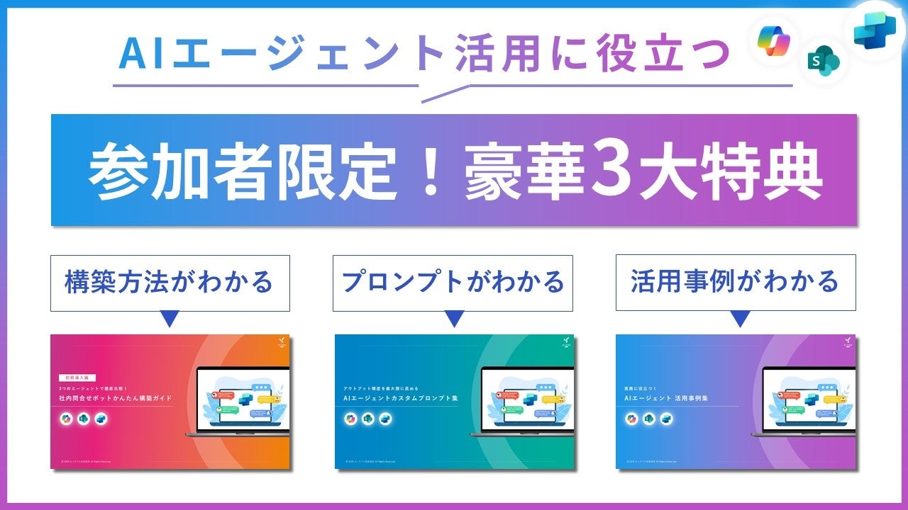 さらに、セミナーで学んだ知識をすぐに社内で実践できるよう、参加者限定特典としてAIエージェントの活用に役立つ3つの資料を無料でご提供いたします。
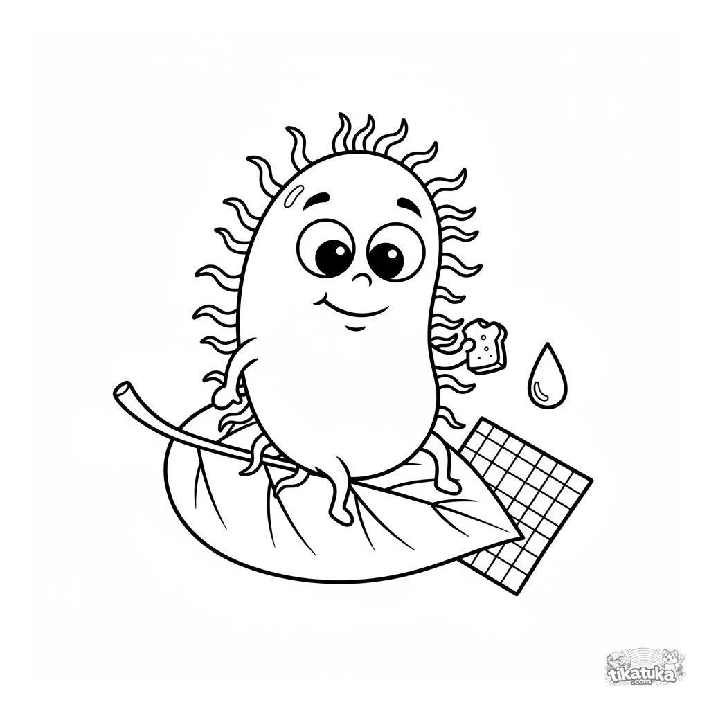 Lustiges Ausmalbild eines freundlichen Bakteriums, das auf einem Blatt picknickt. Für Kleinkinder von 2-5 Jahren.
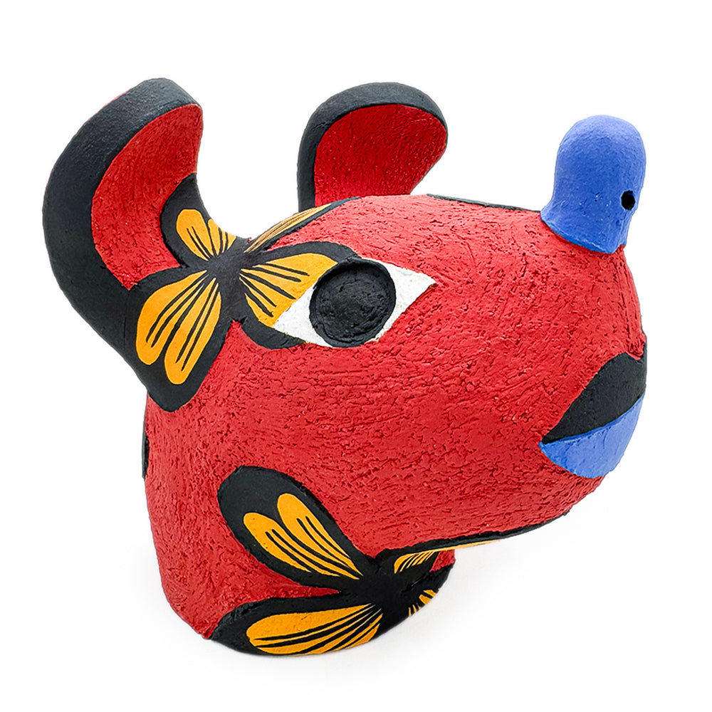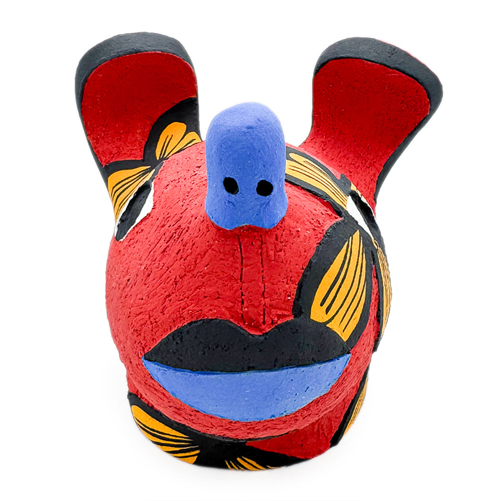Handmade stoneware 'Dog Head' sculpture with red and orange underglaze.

...

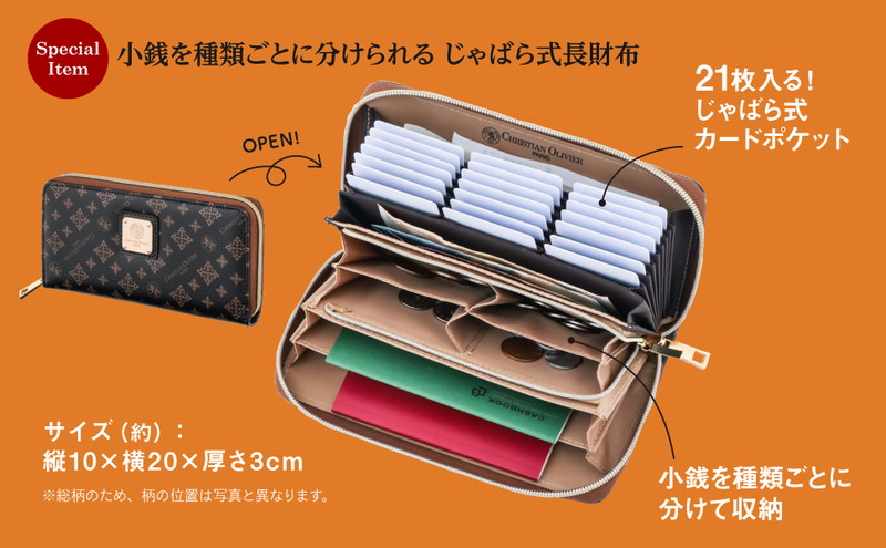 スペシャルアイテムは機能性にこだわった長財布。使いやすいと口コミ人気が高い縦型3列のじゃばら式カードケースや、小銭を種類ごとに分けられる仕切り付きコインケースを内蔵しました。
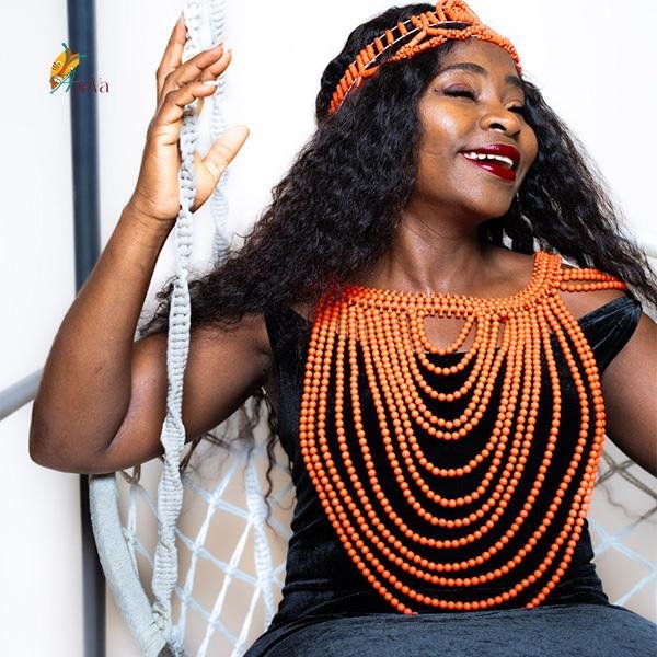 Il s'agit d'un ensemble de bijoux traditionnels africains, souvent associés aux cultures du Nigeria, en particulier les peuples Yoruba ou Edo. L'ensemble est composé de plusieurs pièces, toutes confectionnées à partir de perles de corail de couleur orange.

## [PROBLEM TO WORK ON]
Beginning with the line that contains "Lustiges Ausmalbild eines", write out the lines of the material above exactly, and end with the line that contains "Handmade stoneware 'Dog". Omit the pictures.

## [SOLUTION TO THIS PROBLEM]
 Lustiges Ausmalbild eines freundlichen Bakteriums, das auf einem Blatt picknickt. Für Kleinkinder von 2-5 Jahren.
Handmade stoneware 'Dog Head' sculpture with red and orange underglaze.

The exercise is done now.